Given information:
------------------------

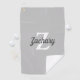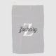 This personalised golf towel features a white monogram initial and charcoal grey retro script name on a light grey background.
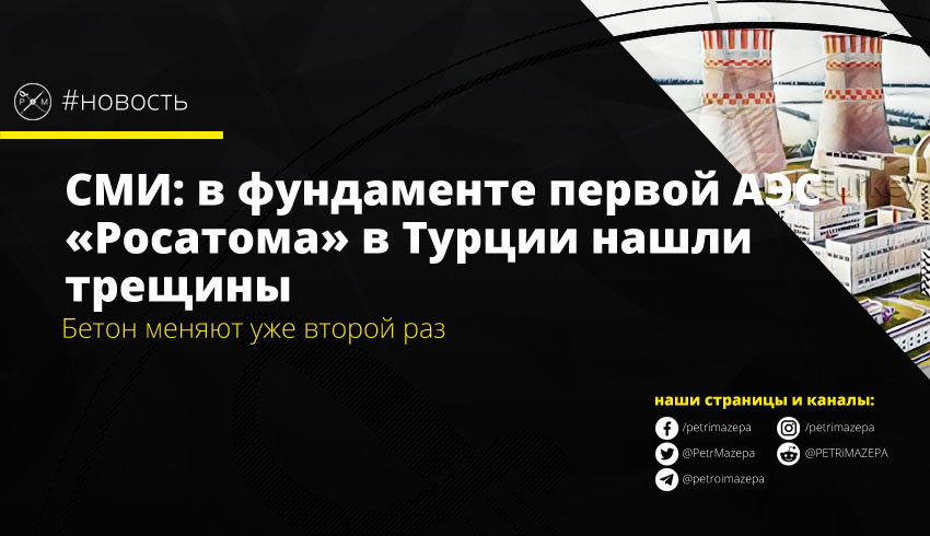 Турецкое проправительственное издание Haber Turk сообщило, что в фундаменте АЭС «Аккую», которую строит «Росатом» по заказу турецкого правительства, были выявлены трещины. Строительство уже вторично приостановлено, а госкомпания РФ рассматривает вариант продажи своей доли в проекте.
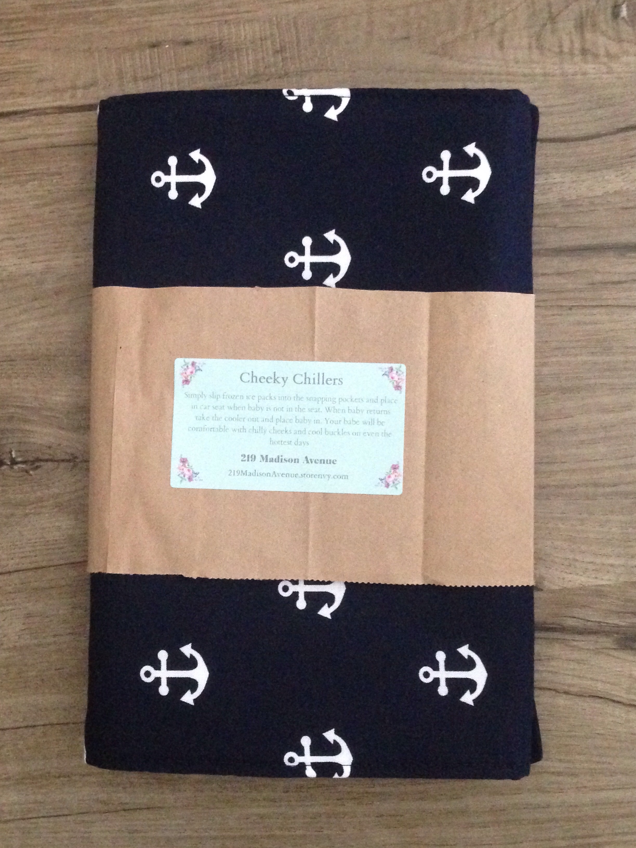 So what is a cheeky chiller? It is a car seat cooler created to do just that, chill your cheeks (and back). It is placed in your kiddos car seat (when they are not in them) to keep their seats cool so that when they get in to their seat you don't have to worry about burning buckles, hot buns and sweaty babies while you wait for the car to cool down. Simply slide frozen ice packs into the three snapping pockets and lay them pack side down into their seat. When you return to the car, take the cooler out and put your babe in. The insulated layer will keep the chiller cool up to 8 hours. You can use them year after year and are good for infant and toddler seats. They have become my go to baby shower gift all year round! (Ice packs not included)

------------------------

Could you write out the whole listing exactly, skipping every picture?

Exercise response:
 This personalised golf towel features a white monogram initial and charcoal grey retro script name on a light grey background.
 Турецкое проправительственное издание Haber Turk сообщило, что в фундаменте АЭС «Аккую», которую строит «Росатом» по заказу турецкого правительства, были выявлены трещины. Строительство уже вторично приостановлено, а госкомпания РФ рассматривает вариант продажи своей доли в проекте.
 So what is a cheeky chiller? It is a car seat cooler created to do just that, chill your cheeks (and back). It is placed in your kiddos car seat (when they are not in them) to keep their seats cool so that when they get in to their seat you don't have to worry about burning buckles, hot buns and sweaty babies while you wait for the car to cool down. Simply slide frozen ice packs into the three snapping pockets and lay them pack side down into their seat. When you return to the car, take the cooler out and put your babe in. The insulated layer will keep the chiller cool up to 8 hours. You can use them year after year and are good for infant and toddler seats. They have become my go to baby shower gift all year round! (Ice packs not included)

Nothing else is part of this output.